### Exercise requirements:
Pictures aside, the output must consist of the lines from the one containing "1、搜索歌手或者歌曲点击3个点选择下载。" through the end of the data, reproduced exactly.

Dataset entries:
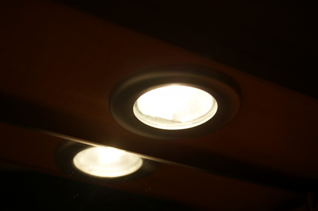 Lukuvalot puuttuivat. Pienet 12V:n spottivalaisimet eivät ole kokemukseni mukaan hyviä, koska ne niitä on hankala sijoittaa oikeille kohdin, ne antavat kapean valokeilan ja niitä olisi oltava useita kappaleita.
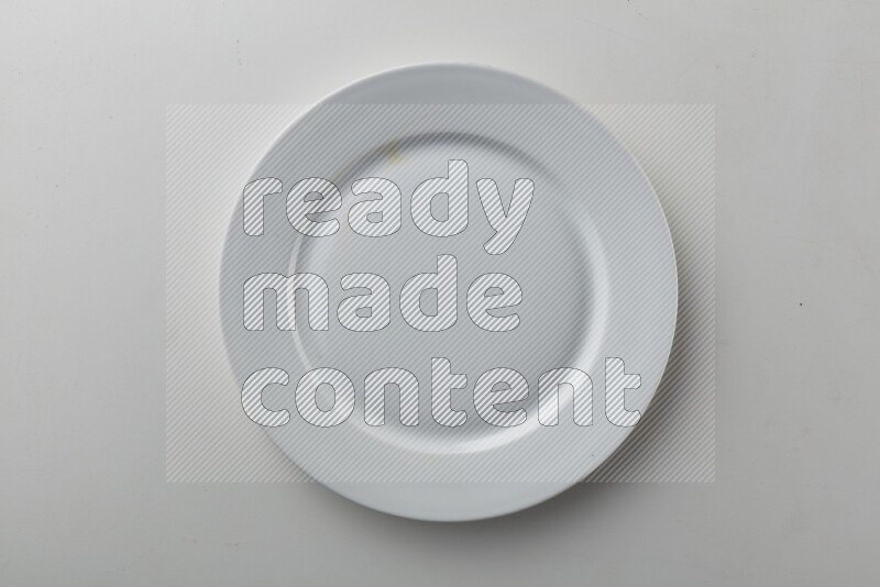 Top-view shot of a circular white plate on white background
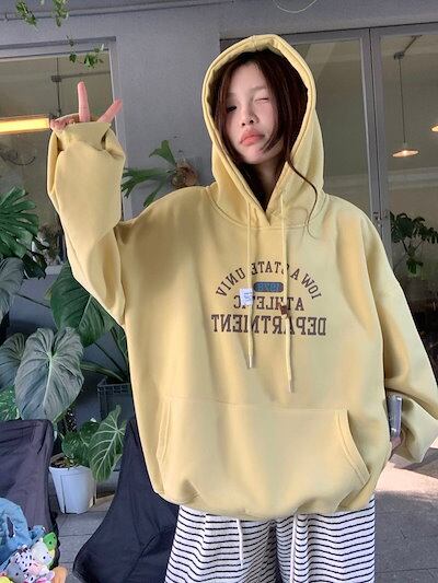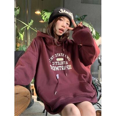 2024秋冬トップス 厚手裹起毛韓国風長袖レトロパーカーカジュアルルーズファッション系ゆったり大人っぽかわいいレディースフード付き羽織りサイズきれいめシルエットトレーナー 大学生通学高校
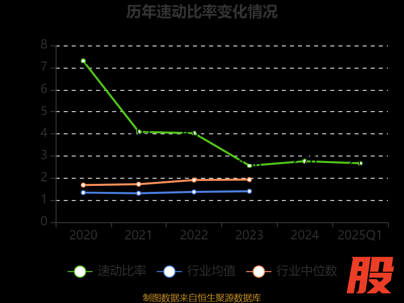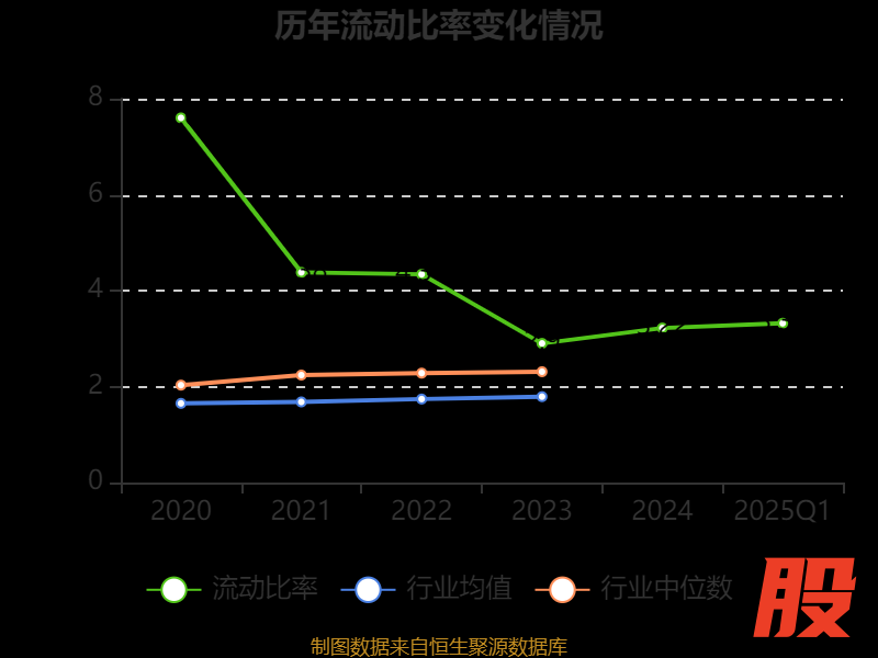 2025年第一季度,公司流动比率为3.32,速动比率为2.67。
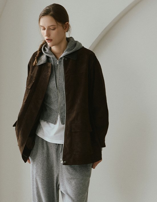 [로보] 이태리 스웨이드 배색카라 워크 재킷
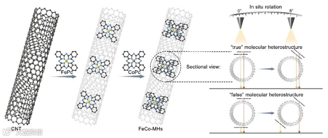 图1:两步特异性吸附策略制备FeCo-MHs催化剂,并利用原位转角操作辨别“真/假”分子异质结。
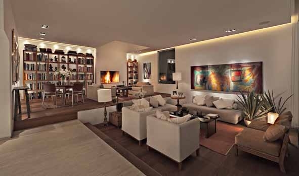 In the interior design the ladder – that gives access to the public and private areas of the house – is the central axis. All the walls around it were removed to integrate all the spaces. In the living room the generous existing height was used to play with the plafonds and the indirect lighting, enhancing the deep sensation of the space and highlighting the artwork.
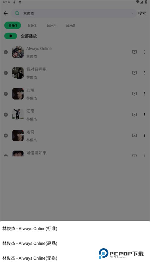 1、搜索歌手或者歌曲点击3个点选择下载。
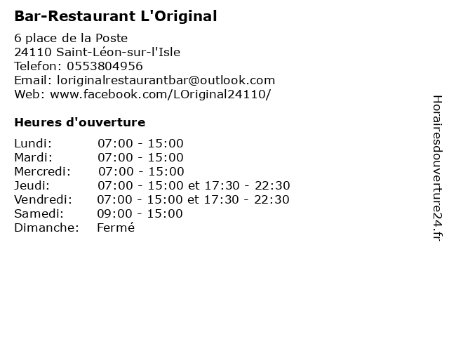 Termes de recherche pour Bar-Restaurant L'Original:restauration, restaurant, café, bar, bistrot, brasserie, l'original |
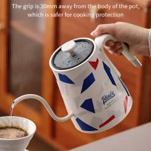 Built from high-quality stainless steel, this kettle combines elegance with durability. The refined gooseneck spout provides unmatched control over the flow rate, allowing you to pour with accuracy and grace. With a generous capacity of over 20 oz (600 ml), it’s ideal for personal use or sharing a warm beverage with friends. Its ergonomic handle stays cool to the touch, ensuring a safe and comfortable grip every time you brew.
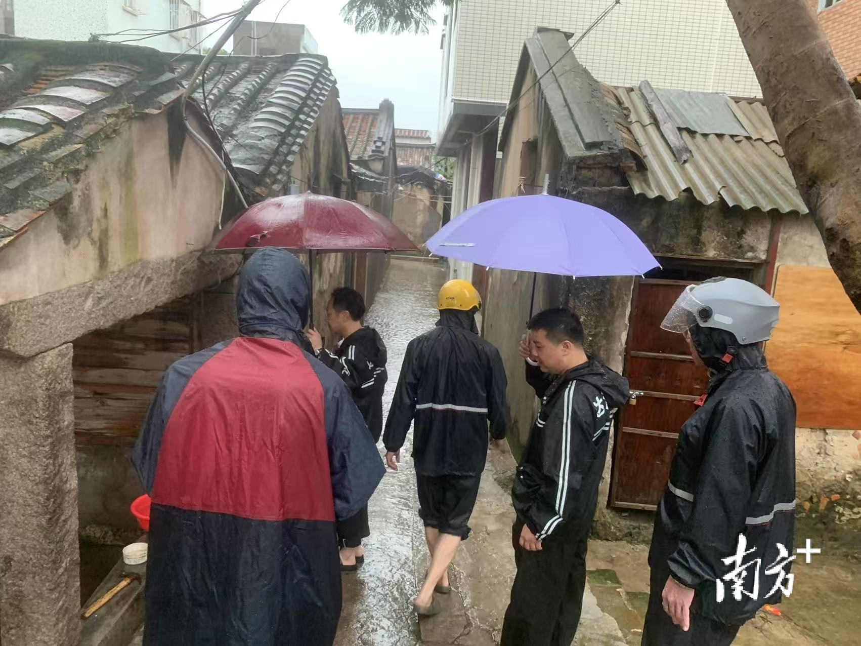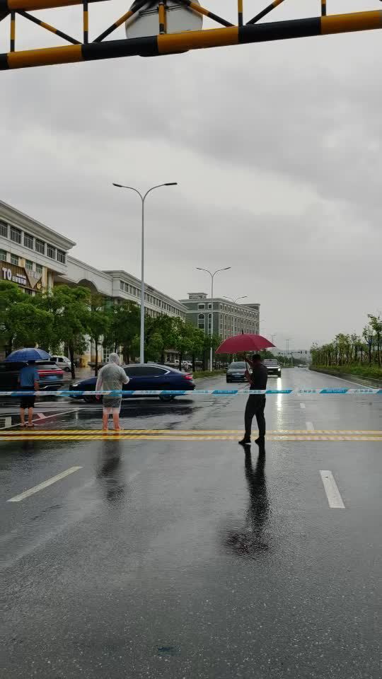 11时,濠江区玉新街道灯塔社区出现最大雨量为72.4毫米。为防止行经车辆进入积水路段,玉石社区工作人员在社区外部路拉起警戒线,引导车辆通行。

### Exercise response:
 1、搜索歌手或者歌曲点击3个点选择下载。
 Termes de recherche pour Bar-Restaurant L'Original:restauration, restaurant, café, bar, bistrot, brasserie, l'original |
 Built from high-quality stainless steel, this kettle combines elegance with durability. The refined gooseneck spout provides unmatched control over the flow rate, allowing you to pour with accuracy and grace. With a generous capacity of over 20 oz (600 ml), it’s ideal for personal use or sharing a warm beverage with friends. Its ergonomic handle stays cool to the touch, ensuring a safe and comfortable grip every time you brew.
 11时,濠江区玉新街道灯塔社区出现最大雨量为72.4毫米。为防止行经车辆进入积水路段,玉石社区工作人员在社区外部路拉起警戒线,引导车辆通行。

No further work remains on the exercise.